Di negeri ini, jadi supir truk itu seperti main game level tersulit. Harus sabar, kuat, tahan kantuk, tahan lapar, tahan tilang, tahan dikatain, dan yang paling penting… tahan nasib.

Soal undang-undang? Heh…

Undang-undang itu kayak mantan: katanya dulu peduli, tapi pas kita jatuh, dia nikah sama orang lain.

Coba tanya, di mana sih perlindungan untuk supir angkutan barang?

Gak ada. Nihil. Kayak nyari warung padang di gurun Sahara.

Kecelakaan di jalan?

Headline koran:

Truk Gandeng Seruduk Warung. Satu Keluarga Luka, Supir Tewas.”

Lalu komentar netizen:

Pasti ngantuk! Supir mah sembarangan bawa kendaraan!”

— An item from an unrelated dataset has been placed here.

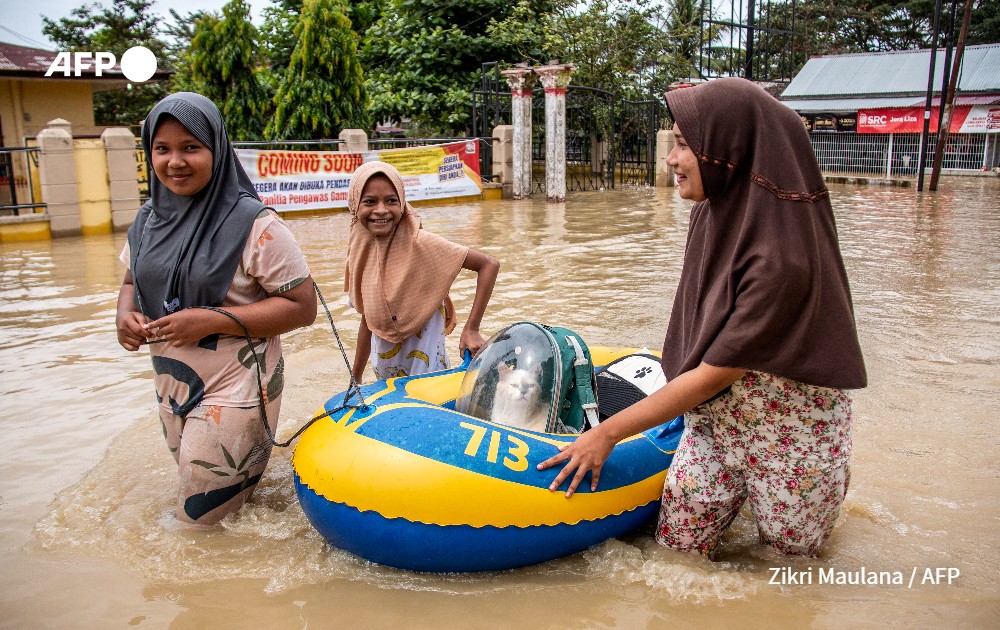 People save a cat in a flooded area in Matangkuli, North Aceh, Indonesia on December 21, 2022.

Hah! Mereka nggak tahu, semalaman kami ngejar target loading, uang jalan mepet, tidur cuma dua jam pakai AC alam. Lalu pagi harinya dipaksa nyetir 400 km demi dapat upah yang habis dipotong admin tol, solar, dan… rokok Pak Polisi.

Tapi ujung-ujungnya, supir selalu yang salah.

Namanya juga mobil besar, pasti bahaya di jalan…”

Maaf, Bos. Yang besar bukan cuma truk.

Ego kalian juga lebih besar!

Kalian bikin jalan sempit, kasih beban overload, suruh patuh aturan, tapi nggak ada satu pun pasal yang melindungi kami kalau kenapa-kenapa.

Mati?

Ya mati.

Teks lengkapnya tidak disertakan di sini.